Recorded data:

══════════

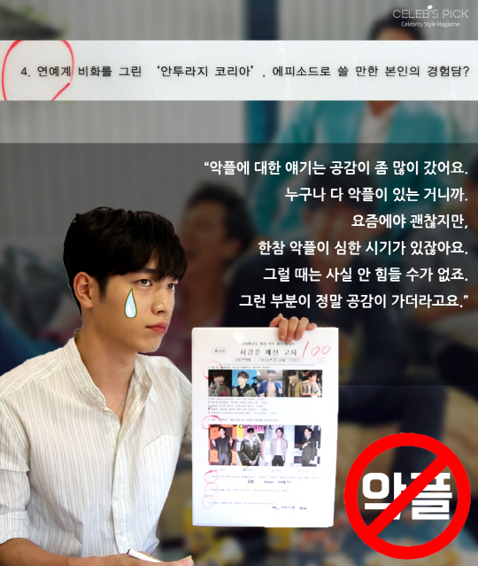 "극중에서 영빈이(서강준)가 영화를 찍었는데, 그 영화가 시사회를 하고 난 뒤 기자들과 대중들이 많은 악플이 달린 거예요. 그래서 영빈이가 그걸 보고 굉장히 힘들어하는 장면이 있었어요.('안투라지' 1회 내용 중) 그런 것들을 보니 공감이 많이 되더라고요. 누구나 다 그렇듯 저 또한 악플이 있으니까요. 한참 악플이 심할 시기들이 있잖아요. 작품을 잘 못 표현해냈다든가, 논란에 좀 휘말렸다든가... 그럴 때가 있는데 그럴 때는 사실 안 힘들 수가 없죠. 그런 부분들이 공감이 정말 많이 됐어요."
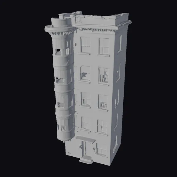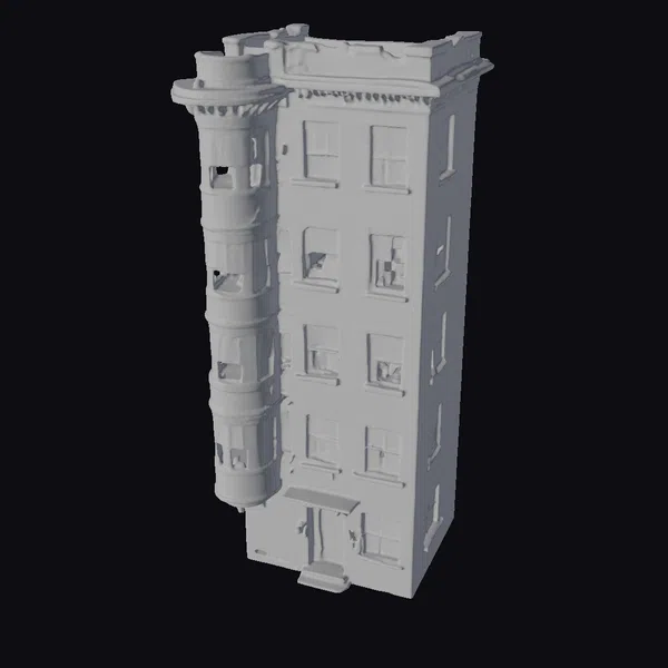 Detailed with precision, this 3D model of a red brick apartment building showcases a realistic and weathered exterior. The building’s pose highlights its multiple floors, each adorned with numerous windows that vary in their state of openness and the presence of curtains or blinds. A notable feature is the rounded turret that extends from one side, adding a touch of architectural uniqueness. The textures and lighting emphasize the aged appearance of the brick and the worn look of the windows and door. The model is versatile and can be used in various projects, such as architectural visualizations, urban planning simulations, game environments, or even augmented reality experiences. Its realistic style makes it suitable for projects aiming to depict everyday urban settings or specific narratives set in city environments.
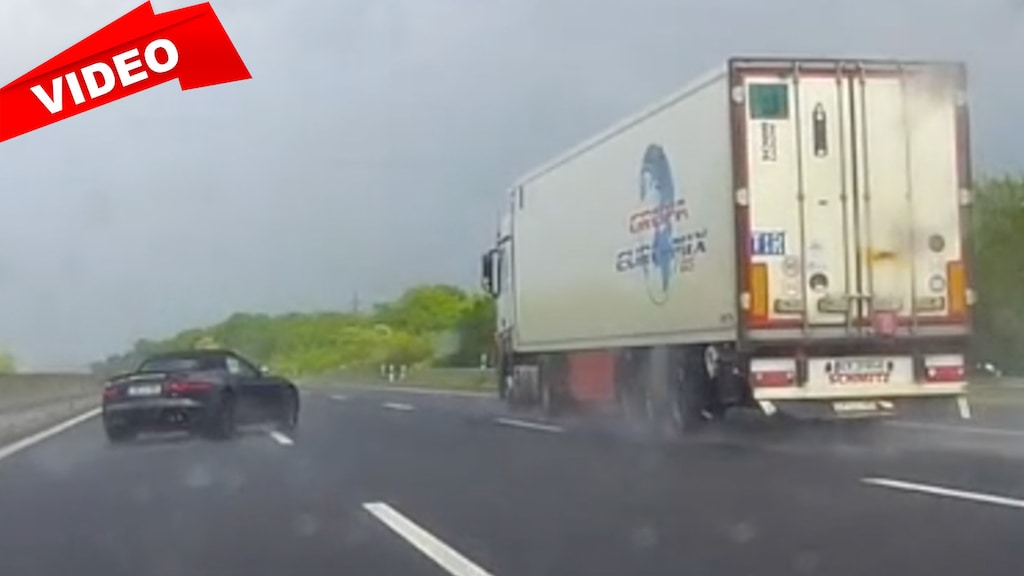 Das war mal richtig knapp: Auf einer regennassen Autobahn hätte es einen Jaguar F-Type beinahe erwischt. Mit blitzschnellen Reaktionen konnte der Fahrer einen Unfall aber gerade noch verhindern!
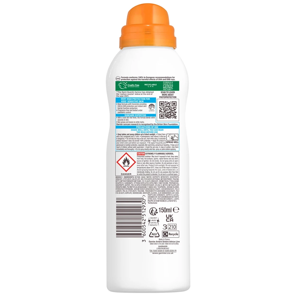 This product Garnier Ambre Solaire SPF 50+ Sensitive Advanced Kids Anti-Sand Mist 150ml immediately protects your kids from both short and long-term sun-induced damage. This very high protection sunscreen has a unique sand repelling action, so families everywhere can say no to that itchy sand feeling on skin. The fragrance-free lotion is especially developed for kids' sensitive skin and is hypoallergenic, to minimise allergy risk. With Ceramide, providing UVA and UVB protection and instant skin barrier function protection. The formula is non-greasy and fast-absorbing, is very water resistant and resistant to sand and sweat. The spray format allows you to protect your kids' skin from the sun quickly and easily. It can be used on body and face. The photostable formula has been tested under paediatric control and conforms 100% to European recommendations for protection against the harmful effects of UVA and UVB rays. Always keep babies and young children out of direct sunlight and protect your kids with a hat, t-shirt, and sunglasses as well as sun cream. Garnier suncare research is recognised by the British Skin Foundation.
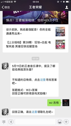 5月11日的王者音乐课中,提及了哪些经典摇滚乐器,这是王者荣耀微信公众号上2018年5月12日每日一题问题,今天的答案可是在游戏活动中就可以找到的,小编这就为大家分享下5月11日的王者音乐课中,提及了哪些经典摇滚乐器的答案,希望对大家有帮助。2018王者荣耀5月12日每日一题问题5月11日的王者音乐
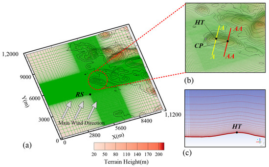 (a,b) are the structured grids on Askervein Hill case with central refinements close to measurements (Line A-A, AA-AA, RS and HT). Note that the positive X and Y axes represent the east and north directions, respectively. The green color gridlines represent the surface mesh grid. (c) Details of the XZ plane grid along with the hilltop HT. The red gridlines represent the spatial mesh grid, and blue background color is the working space during grid generation.
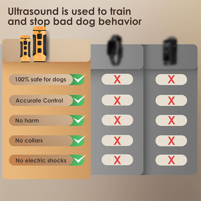 Ultrasonic Dog Training and Deterrent Device (21kHz - 32kHz): Effectively captures your dog's attention, corrects undesirable behaviors, and helps deter annoying barking from neighboring dogs, all with inaudible sound waves that are safe, humane, and non-stressful.
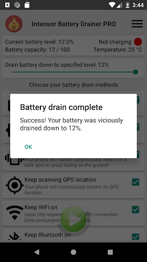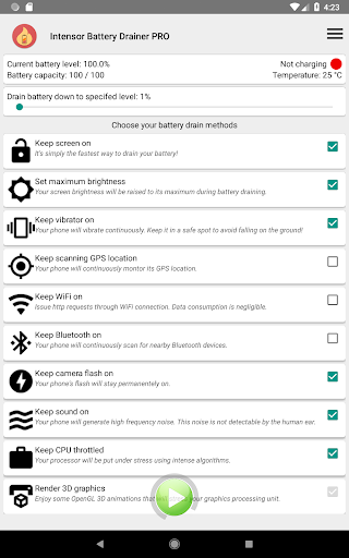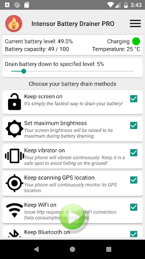 • Start and forget - set up a battery level at which the app automatically stops draining.
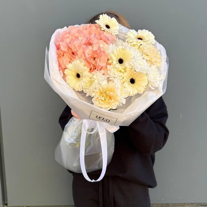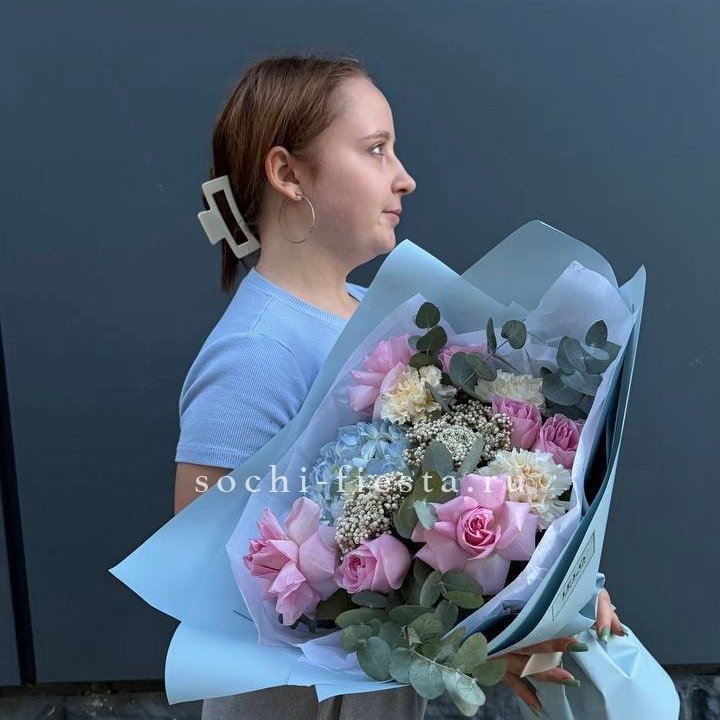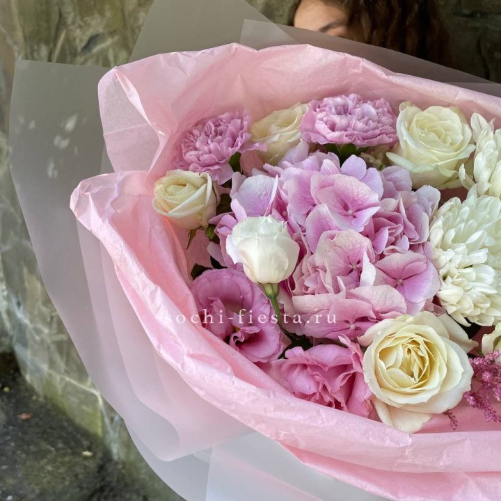 Букет гортензий и роз

══════════

Task description => All entries must be output unchanged, with every picture omitted.

Output for this exercise =>
 "극중에서 영빈이(서강준)가 영화를 찍었는데, 그 영화가 시사회를 하고 난 뒤 기자들과 대중들이 많은 악플이 달린 거예요. 그래서 영빈이가 그걸 보고 굉장히 힘들어하는 장면이 있었어요.('안투라지' 1회 내용 중) 그런 것들을 보니 공감이 많이 되더라고요. 누구나 다 그렇듯 저 또한 악플이 있으니까요. 한참 악플이 심할 시기들이 있잖아요. 작품을 잘 못 표현해냈다든가, 논란에 좀 휘말렸다든가... 그럴 때가 있는데 그럴 때는 사실 안 힘들 수가 없죠. 그런 부분들이 공감이 정말 많이 됐어요."
 Detailed with precision, this 3D model of a red brick apartment building showcases a realistic and weathered exterior. The building’s pose highlights its multiple floors, each adorned with numerous windows that vary in their state of openness and the presence of curtains or blinds. A notable feature is the rounded turret that extends from one side, adding a touch of architectural uniqueness. The textures and lighting emphasize the aged appearance of the brick and the worn look of the windows and door. The model is versatile and can be used in various projects, such as architectural visualizations, urban planning simulations, game environments, or even augmented reality experiences. Its realistic style makes it suitable for projects aiming to depict everyday urban settings or specific narratives set in city environments.
 Das war mal richtig knapp: Auf einer regennassen Autobahn hätte es einen Jaguar F-Type beinahe erwischt. Mit blitzschnellen Reaktionen konnte der Fahrer einen Unfall aber gerade noch verhindern!
 This product Garnier Ambre Solaire SPF 50+ Sensitive Advanced Kids Anti-Sand Mist 150ml immediately protects your kids from both short and long-term sun-induced damage. This very high protection sunscreen has a unique sand repelling action, so families everywhere can say no to that itchy sand feeling on skin. The fragrance-free lotion is especially developed for kids' sensitive skin and is hypoallergenic, to minimise allergy risk. With Ceramide, providing UVA and UVB protection and instant skin barrier function protection. The formula is non-greasy and fast-absorbing, is very water resistant and resistant to sand and sweat. The spray format allows you to protect your kids' skin from the sun quickly and easily. It can be used on body and face. The photostable formula has been tested under paediatric control and conforms 100% to European recommendations for protection against the harmful effects of UVA and UVB rays. Always keep babies and young children out of direct sunlight and protect your kids with a hat, t-shirt, and sunglasses as well as sun cream. Garnier suncare research is recognised by the British Skin Foundation.
 5月11日的王者音乐课中,提及了哪些经典摇滚乐器,这是王者荣耀微信公众号上2018年5月12日每日一题问题,今天的答案可是在游戏活动中就可以找到的,小编这就为大家分享下5月11日的王者音乐课中,提及了哪些经典摇滚乐器的答案,希望对大家有帮助。2018王者荣耀5月12日每日一题问题5月11日的王者音乐
 (a,b) are the structured grids on Askervein Hill case with central refinements close to measurements (Line A-A, AA-AA, RS and HT). Note that the positive X and Y axes represent the east and north directions, respectively. The green color gridlines represent the surface mesh grid. (c) Details of the XZ plane grid along with the hilltop HT. The red gridlines represent the spatial mesh grid, and blue background color is the working space during grid generation.
 Ultrasonic Dog Training and Deterrent Device (21kHz - 32kHz): Effectively captures your dog's attention, corrects undesirable behaviors, and helps deter annoying barking from neighboring dogs, all with inaudible sound waves that are safe, humane, and non-stressful.
 • Start and forget - set up a battery level at which the app automatically stops draining.
 Букет гортензий и роз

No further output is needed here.